The cement-based grouting material used in the current market generally has a series of problems of large volume shrinkage, easy generation of microcracks, slow strength development, insufficient fluidity, poor durability and the like, thereby influencing the structural stability of buildings.
In addition, the common cement-based grouting material needs to use quartz sand as fine aggregate, the cost of the quartz sand is high, and on the other hand, concrete construction waste caused by urban transformation and construction of new buildings is not effectively treated and is randomly stacked or buried, so that the great waste of resources is caused.
Disclosure of Invention
In order to overcome the defects of the prior art, the invention aims to provide the cement-based grouting material which is early-strength, free of shrinkage and good in durability; the other purpose is to provide a method for preparing the cement-based grouting material.
The technical scheme adopted by the invention for solving the technical problems is as follows:
the invention relates to a cement-based grouting material, which comprises the following substances in parts by mass: 700 portions and 760 portions of Portland cement; 40-100 parts of sulphoaluminate cement; 40-60 parts of fly ash; 80-100 parts of mineral powder; 50-70 parts of silica fume; 900 portions of fine aggregate; 5-10 parts of an early strength agent; 8-15 parts of a water reducing agent; 8-14 parts of a defoaming agent; 46-55 parts of an expanding agent; water 260 and 300 portions. The cement-based grouting material is characterized in that a certain amount of sulphoaluminate cement is doped into ordinary portland cement, so that the problem of early shrinkage of the ordinary portland cement can be solved while the early strength of the cement-based grouting material is better guaranteed, the mobility loss rate of the cement-based grouting material after half an hour is low, and the construction efficiency is greatly improved.

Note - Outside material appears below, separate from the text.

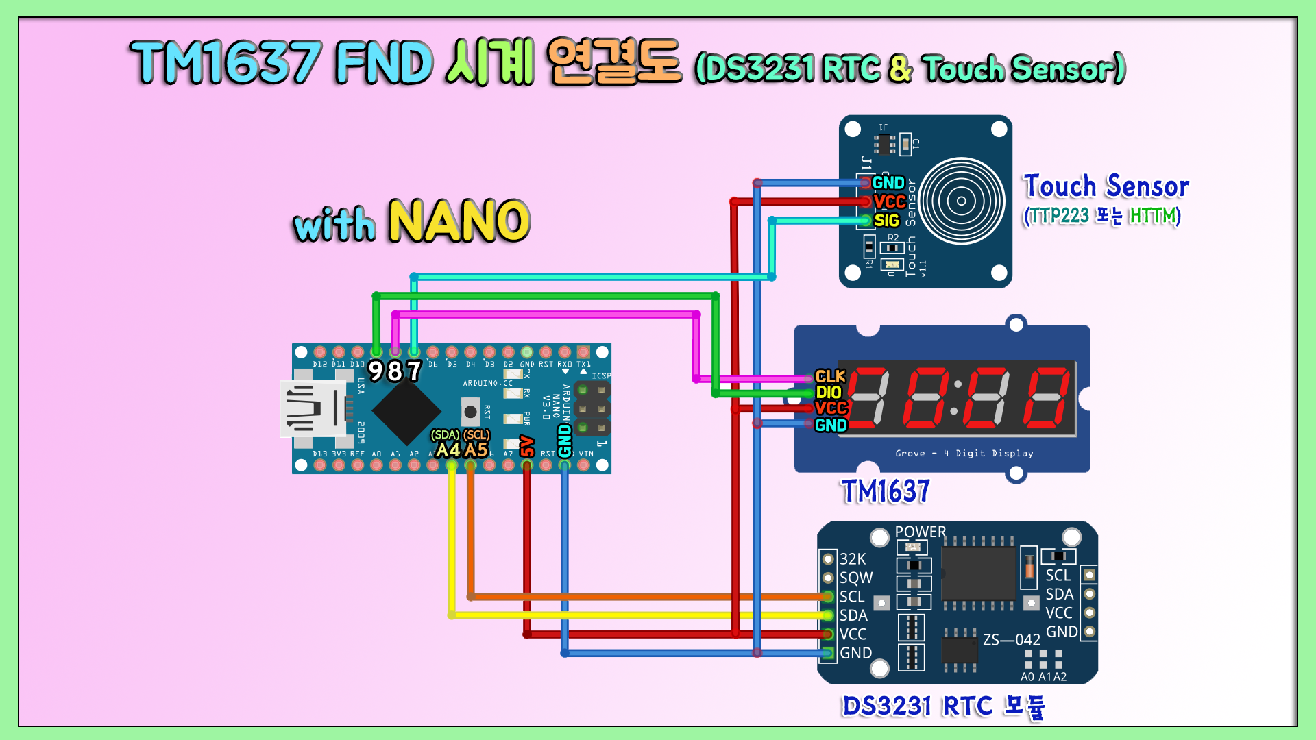 1번. TM1637 모듈과 터치 센서를 사용한 회로 연결은 아래와 같이 합니다.

In a preferred embodiment of the present invention, the fine aggregate is composed of quartz sand and regenerated fine powder, the regenerated fine powder being less than 30% by mass of the fine aggregate, the regenerated fine powder being composed of concrete broken into particles. The regenerated micro-fine powder can recycle concrete building wastes to serve as partial fine aggregates, can reduce the production cost, reduce excessive collection of mineral resources such as quartz sand and the like, effectively protect the ecological environment, can increase the fluidity of the cement-based grouting material, and can avoid vibration and self-leveling.

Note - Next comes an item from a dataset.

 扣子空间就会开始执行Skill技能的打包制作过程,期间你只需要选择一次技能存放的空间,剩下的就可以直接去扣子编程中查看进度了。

Preferably, in order to reduce the water absorption rate of the regenerated fine and to make the regenerated fine have a certain activity to participate in the hydration reaction, the particle diameter of the regenerated fine is less than 0.15 mm.
Preferably, the mesh number of the quartz sand is 40-70 meshes, and the particle size of the quartz sand is 0.212mm-0.428 mm.
Preferably, the cement-based grouting material also comprises 8-14 parts by mass of a retarder, and the retarder is beneficial to prolonging the setting time of the cement-based grouting material, so that the cement-based grouting material keeps plasticity for a long time and is convenient to pour.
Preferably, the sulphoaluminate cement is low-alkalinity sulphoaluminate cement, and the low-alkalinity sulphoaluminate cement has better early strength performance except lower alkalinity.
Preferably, the early strength agent is a calcium formate type early strength agent, and the early strength agent can further shorten the coagulation time.
Preferably, the retarder is tartaric acid, and the swelling agent is a UEA swelling agent.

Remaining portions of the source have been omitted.